**Exercise details:**
Only one stretch of the data should be retyped: the lines from the line containing "市妇幼院召开疫情防控和院感防控工作部署会议" through the line containing "國(guó)家統(tǒng)". Keep pictures out of it.

**Entries shown:**

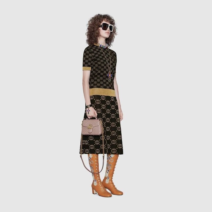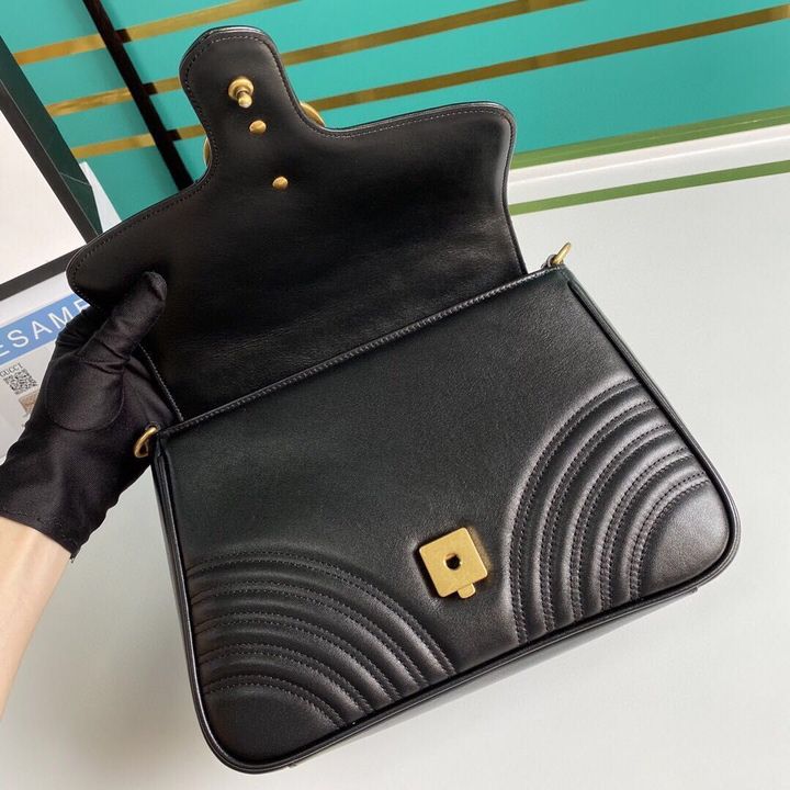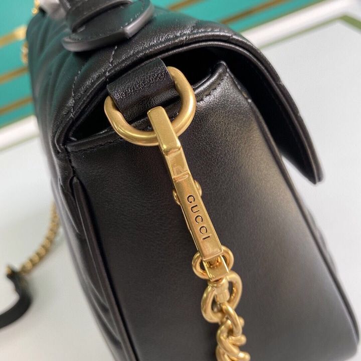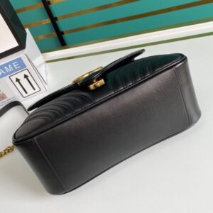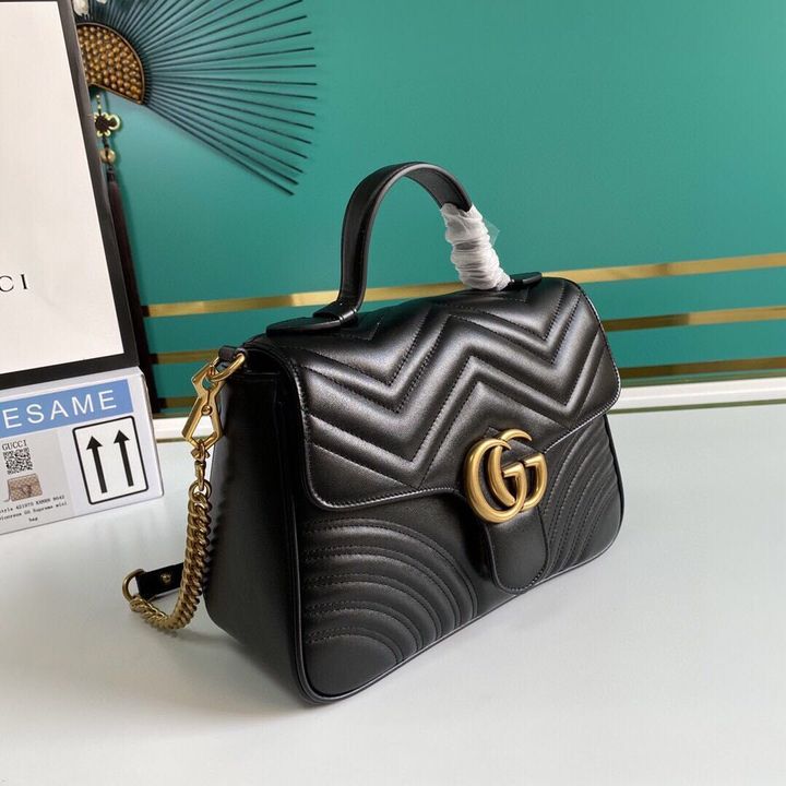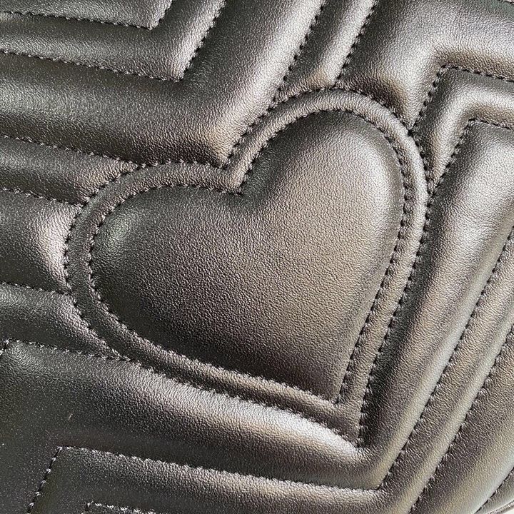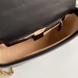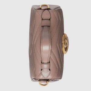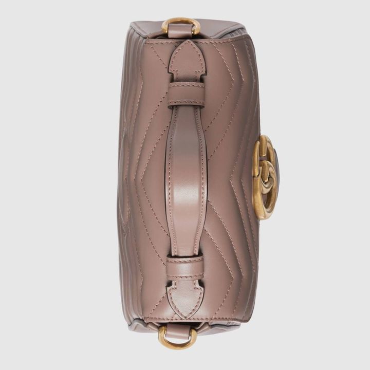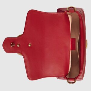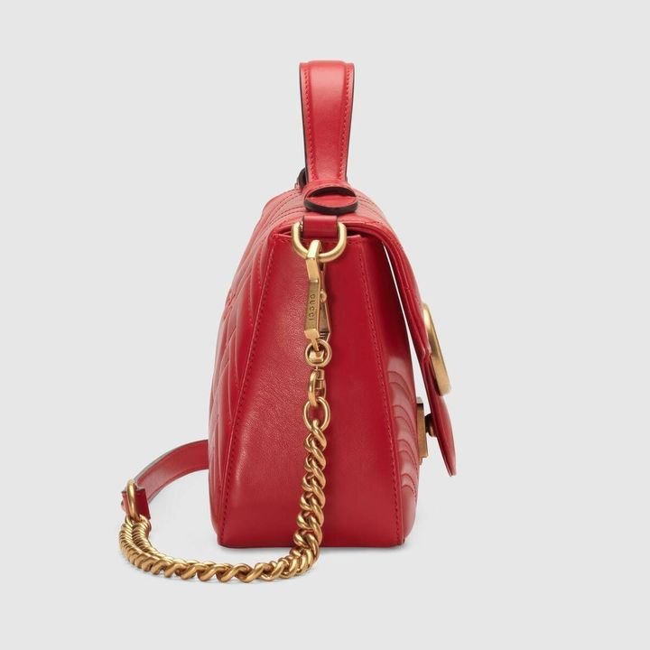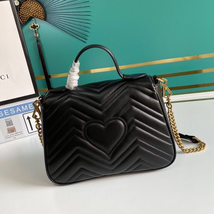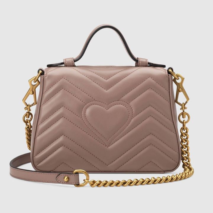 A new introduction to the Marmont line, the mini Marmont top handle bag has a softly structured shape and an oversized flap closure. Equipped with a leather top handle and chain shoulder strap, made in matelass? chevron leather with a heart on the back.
...
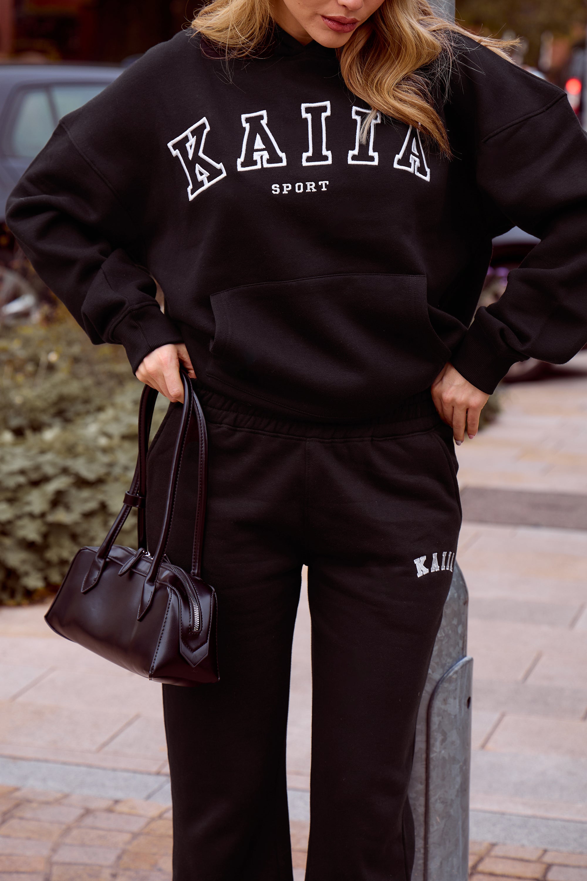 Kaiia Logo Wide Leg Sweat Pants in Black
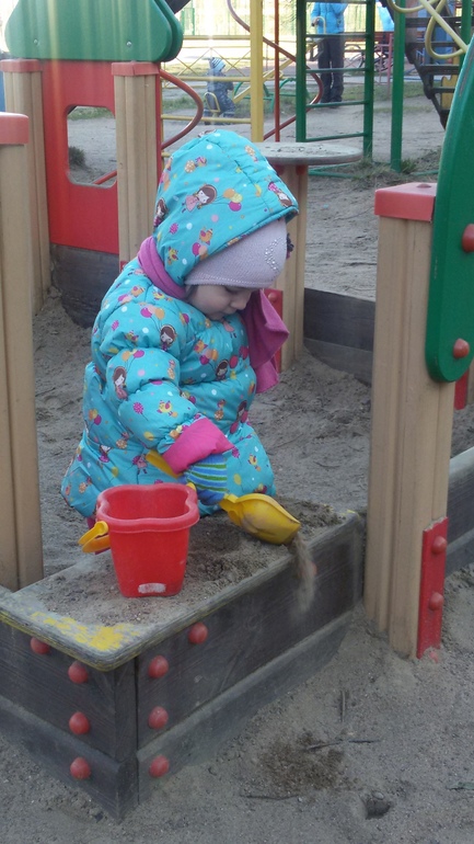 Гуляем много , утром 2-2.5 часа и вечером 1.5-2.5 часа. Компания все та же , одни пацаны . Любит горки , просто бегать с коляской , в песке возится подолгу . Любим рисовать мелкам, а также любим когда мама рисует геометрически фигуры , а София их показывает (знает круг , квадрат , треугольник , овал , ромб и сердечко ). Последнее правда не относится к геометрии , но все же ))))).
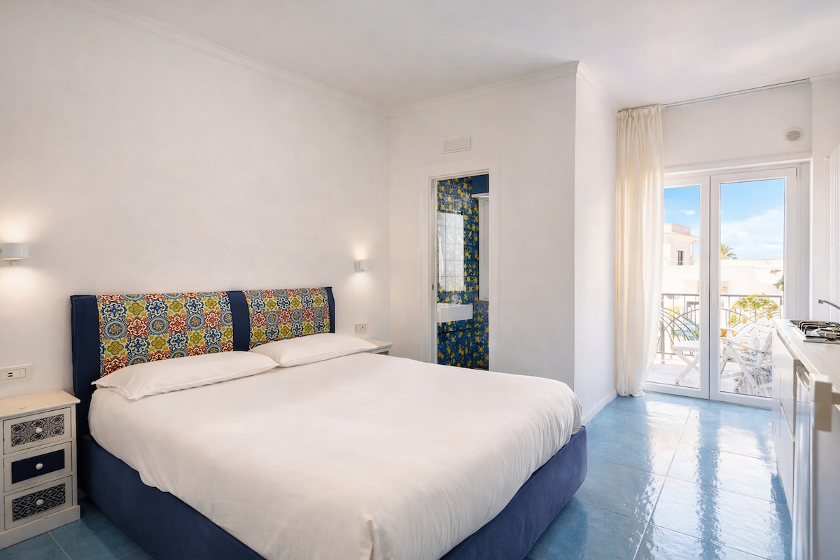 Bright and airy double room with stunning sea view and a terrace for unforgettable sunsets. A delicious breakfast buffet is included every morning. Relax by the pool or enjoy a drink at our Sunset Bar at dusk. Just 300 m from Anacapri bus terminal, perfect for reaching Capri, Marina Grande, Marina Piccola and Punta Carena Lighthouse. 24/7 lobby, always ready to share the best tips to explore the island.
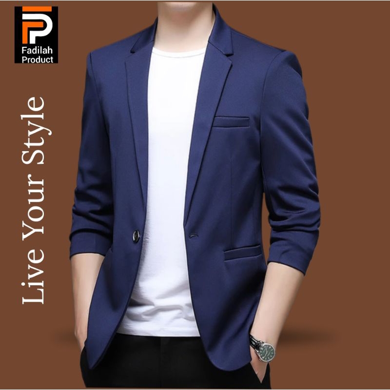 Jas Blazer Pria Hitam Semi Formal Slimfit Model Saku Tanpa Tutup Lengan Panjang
---
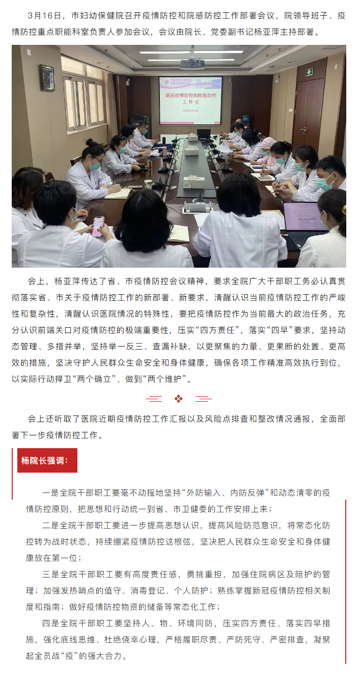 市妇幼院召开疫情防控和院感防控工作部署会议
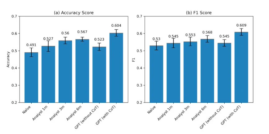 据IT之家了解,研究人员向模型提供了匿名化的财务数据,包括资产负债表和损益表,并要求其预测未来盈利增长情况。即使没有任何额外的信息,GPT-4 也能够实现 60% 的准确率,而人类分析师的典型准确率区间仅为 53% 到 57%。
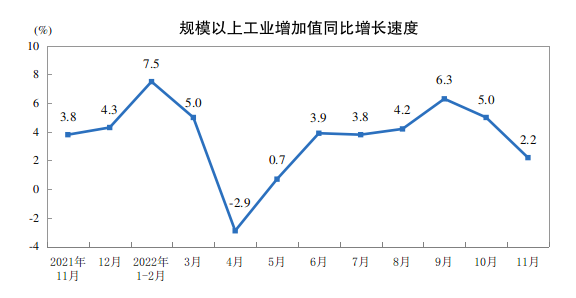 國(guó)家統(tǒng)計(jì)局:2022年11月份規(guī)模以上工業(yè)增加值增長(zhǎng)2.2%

**Response to this task:**
 市妇幼院召开疫情防控和院感防控工作部署会议
 据IT之家了解,研究人员向模型提供了匿名化的财务数据,包括资产负债表和损益表,并要求其预测未来盈利增长情况。即使没有任何额外的信息,GPT-4 也能够实现 60% 的准确率,而人类分析师的典型准确率区间仅为 53% 到 57%。
 國(guó)家統(tǒng)計(jì)局:2022年11月份規(guī)模以上工業(yè)增加值增長(zhǎng)2.2%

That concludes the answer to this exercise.